- Exercise instructions:
Your answer must be the full listing below, repeated exactly.

Source material section start

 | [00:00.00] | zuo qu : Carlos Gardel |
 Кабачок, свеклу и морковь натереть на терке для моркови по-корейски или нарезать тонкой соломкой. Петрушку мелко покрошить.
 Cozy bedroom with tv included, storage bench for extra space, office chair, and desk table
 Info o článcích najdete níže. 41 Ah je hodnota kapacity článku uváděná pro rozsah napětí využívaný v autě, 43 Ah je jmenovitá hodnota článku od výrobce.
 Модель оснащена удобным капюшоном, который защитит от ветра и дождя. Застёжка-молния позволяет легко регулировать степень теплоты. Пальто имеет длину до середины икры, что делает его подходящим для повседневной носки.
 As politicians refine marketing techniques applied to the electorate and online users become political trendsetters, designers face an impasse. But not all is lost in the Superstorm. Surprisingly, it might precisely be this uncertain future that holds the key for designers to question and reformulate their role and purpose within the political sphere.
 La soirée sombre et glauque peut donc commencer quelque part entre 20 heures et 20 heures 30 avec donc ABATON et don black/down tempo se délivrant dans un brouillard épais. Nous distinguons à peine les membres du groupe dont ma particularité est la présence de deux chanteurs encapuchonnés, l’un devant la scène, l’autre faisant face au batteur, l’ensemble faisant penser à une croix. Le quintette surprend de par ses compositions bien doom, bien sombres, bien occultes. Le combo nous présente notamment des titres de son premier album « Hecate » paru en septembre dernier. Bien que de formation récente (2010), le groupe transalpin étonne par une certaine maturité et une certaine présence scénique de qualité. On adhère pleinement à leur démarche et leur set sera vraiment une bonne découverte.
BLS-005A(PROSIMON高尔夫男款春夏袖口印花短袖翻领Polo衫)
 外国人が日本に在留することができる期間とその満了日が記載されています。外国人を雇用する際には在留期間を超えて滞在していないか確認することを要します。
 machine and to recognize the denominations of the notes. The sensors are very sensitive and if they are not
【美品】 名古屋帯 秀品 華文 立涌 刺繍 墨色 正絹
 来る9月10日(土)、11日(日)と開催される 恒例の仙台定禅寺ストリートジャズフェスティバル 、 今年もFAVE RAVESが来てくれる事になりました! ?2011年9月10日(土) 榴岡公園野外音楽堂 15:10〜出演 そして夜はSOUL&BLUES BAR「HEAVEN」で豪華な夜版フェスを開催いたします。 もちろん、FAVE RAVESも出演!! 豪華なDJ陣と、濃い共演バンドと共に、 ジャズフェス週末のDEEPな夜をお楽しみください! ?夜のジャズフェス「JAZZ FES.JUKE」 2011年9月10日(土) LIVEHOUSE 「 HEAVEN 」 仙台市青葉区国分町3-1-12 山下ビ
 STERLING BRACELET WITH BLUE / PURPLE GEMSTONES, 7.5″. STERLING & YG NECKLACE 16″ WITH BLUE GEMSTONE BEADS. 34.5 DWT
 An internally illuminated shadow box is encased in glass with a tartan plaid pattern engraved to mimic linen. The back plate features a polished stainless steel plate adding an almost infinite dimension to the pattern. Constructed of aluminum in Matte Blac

Source material section end

- Problem solution:
 | [00:00.00] | zuo qu : Carlos Gardel |
 Кабачок, свеклу и морковь натереть на терке для моркови по-корейски или нарезать тонкой соломкой. Петрушку мелко покрошить.
 Cozy bedroom with tv included, storage bench for extra space, office chair, and desk table
 Info o článcích najdete níže. 41 Ah je hodnota kapacity článku uváděná pro rozsah napětí využívaný v autě, 43 Ah je jmenovitá hodnota článku od výrobce.
 Модель оснащена удобным капюшоном, который защитит от ветра и дождя. Застёжка-молния позволяет легко регулировать степень теплоты. Пальто имеет длину до середины икры, что делает его подходящим для повседневной носки.
 As politicians refine marketing techniques applied to the electorate and online users become political trendsetters, designers face an impasse. But not all is lost in the Superstorm. Surprisingly, it might precisely be this uncertain future that holds the key for designers to question and reformulate their role and purpose within the political sphere.
 La soirée sombre et glauque peut donc commencer quelque part entre 20 heures et 20 heures 30 avec donc ABATON et don black/down tempo se délivrant dans un brouillard épais. Nous distinguons à peine les membres du groupe dont ma particularité est la présence de deux chanteurs encapuchonnés, l’un devant la scène, l’autre faisant face au batteur, l’ensemble faisant penser à une croix. Le quintette surprend de par ses compositions bien doom, bien sombres, bien occultes. Le combo nous présente notamment des titres de son premier album « Hecate » paru en septembre dernier. Bien que de formation récente (2010), le groupe transalpin étonne par une certaine maturité et une certaine présence scénique de qualité. On adhère pleinement à leur démarche et leur set sera vraiment une bonne découverte.
BLS-005A(PROSIMON高尔夫男款春夏袖口印花短袖翻领Polo衫)
 外国人が日本に在留することができる期間とその満了日が記載されています。外国人を雇用する際には在留期間を超えて滞在していないか確認することを要します。
 machine and to recognize the denominations of the notes. The sensors are very sensitive and if they are not
【美品】 名古屋帯 秀品 華文 立涌 刺繍 墨色 正絹
 来る9月10日(土)、11日(日)と開催される 恒例の仙台定禅寺ストリートジャズフェスティバル 、 今年もFAVE RAVESが来てくれる事になりました! ?2011年9月10日(土) 榴岡公園野外音楽堂 15:10〜出演 そして夜はSOUL&BLUES BAR「HEAVEN」で豪華な夜版フェスを開催いたします。 もちろん、FAVE RAVESも出演!! 豪華なDJ陣と、濃い共演バンドと共に、 ジャズフェス週末のDEEPな夜をお楽しみください! ?夜のジャズフェス「JAZZ FES.JUKE」 2011年9月10日(土) LIVEHOUSE 「 HEAVEN 」 仙台市青葉区国分町3-1-12 山下ビ
 STERLING BRACELET WITH BLUE / PURPLE GEMSTONES, 7.5″. STERLING & YG NECKLACE 16″ WITH BLUE GEMSTONE BEADS. 34.5 DWT
 An internally illuminated shadow box is encased in glass with a tartan plaid pattern engraved to mimic linen. The back plate features a polished stainless steel plate adding an almost infinite dimension to the pattern. Constructed of aluminum in Matte Blac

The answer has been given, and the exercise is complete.